Refusing to comment further, he said: "There is no simple explanation to what he did."
Mr Avery was asked to take the case by the Legal Aid Commission. Soon after he learned that Bryant had lived a few hundred metres from his home.
"It turned out that he had been coming to my home years before as a young boy selling things like vegetables and rabbits," Mr Avery said. "My wife reminded me that he was never allowed in the house but that he would just peer around in a weird looking way. He reminded me that he had obviously observed me and my family. … At the time it was chilling but it did give us some commonality."
Mr Avery said much of their conversation "bordered on mundane" but it helped give a detailed insight into his personality.
"I remember saying to him at one stage that he was the most hated man in Australia. He probably saw me as his only conduit to the outside world. We spent a lot of time just talking about the most banal things because even though the magnitude of the crime was huge, there was nothing complicated about the case.
"We talked about how he liked to travel, how he liked a tie I was wearing one day and how he bought a suit from Henry Bucks and liked going to the zoo in Melbourne. He had once bought a grey talking parrot in South Australia. I was a bit like the passenger on an overseas plane trip who couldn't get away from talking to him until the journey ended."
"I had nothing to offer in the legal sense. I never let him think I had anything to offer. There was no chance of a deal in the real sense; it was never put to him. I regularly said to him, 'You are going to jail for life and you are never going to get out'. In answer to your question, what did I have to offer Bryant? Sweet FA."

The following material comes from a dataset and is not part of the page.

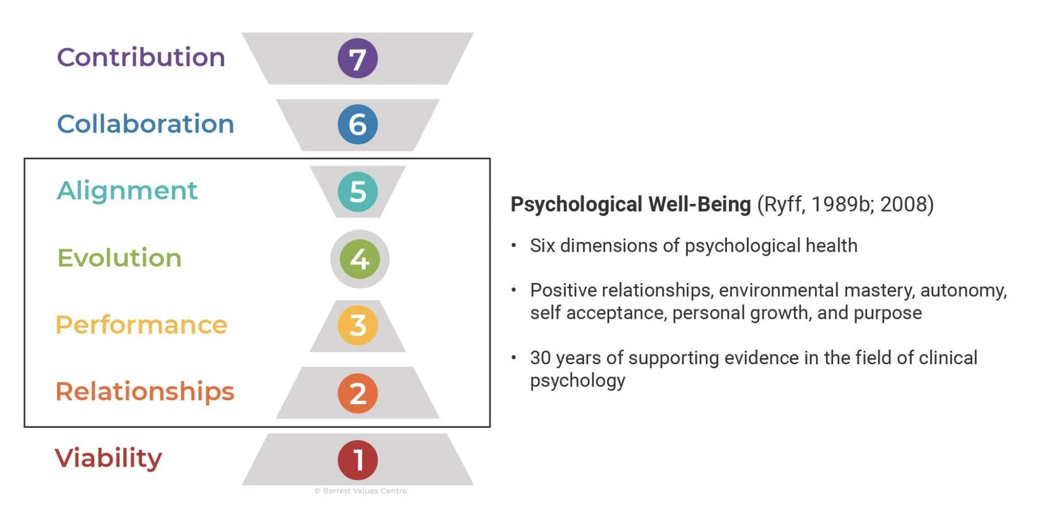 There is incredible consistency between PWB and the seven levels of human needs in the Barrett Model. Both models address the importance of Relationships and competent Performance (called “environmental mastery” in Ryff’s model). The Evolution level of the Barrett Model incorporates Ryff’s autonomy, self-acceptance, and personal growth dimensions. Ryff’s “purpose in life” dimension is similar to, but not as fully articulated as the Barrett Model’s levels for facilitating a sense of purpose, which are Alignment (or authentic self-expression), Collaboration (or interconnection), and Contribution.PSYCHOLOGICAL WELL-BEING (PWB)

So why did he change his plea?
"It was never quite as simple as asking, 'Did you do it, mate?' We talked at length about what he said he did. It was through a process of talking, not grabbing him by the throat and forcing him, to bring him around the changing his plea.
"I wanted him to come to the decision. The evidence was absolutely overwhelming. He was entitled … to have his guilt proved so it was my job to explain to him the implications - on himself and the families of the victims - of pursuing the not-guilty. He certainly recognised that pleading guilty would be seen to be a better outcome for everyone, including himself, but I would not go so far as to say that it was out of any remorse. He didn't have the ability to show any remorse."
Mr Avery said Bryant changed his plea only two weeks before the trial. His file notes contain a handwritten request by Bryant because "I wanted it in his own hand … I suppose I never thought it would get to trial. It would have been a circus. It was probably the only case I've had where community interest had a real impact on the decisions I took. Normally the community's interests are served by the accused person being ably represented legally.
"Here, because of the isolation and size of Tasmania, as well as the horrific impact on the community, you can't close your eyes and you have that aspect sitting on your shoulder."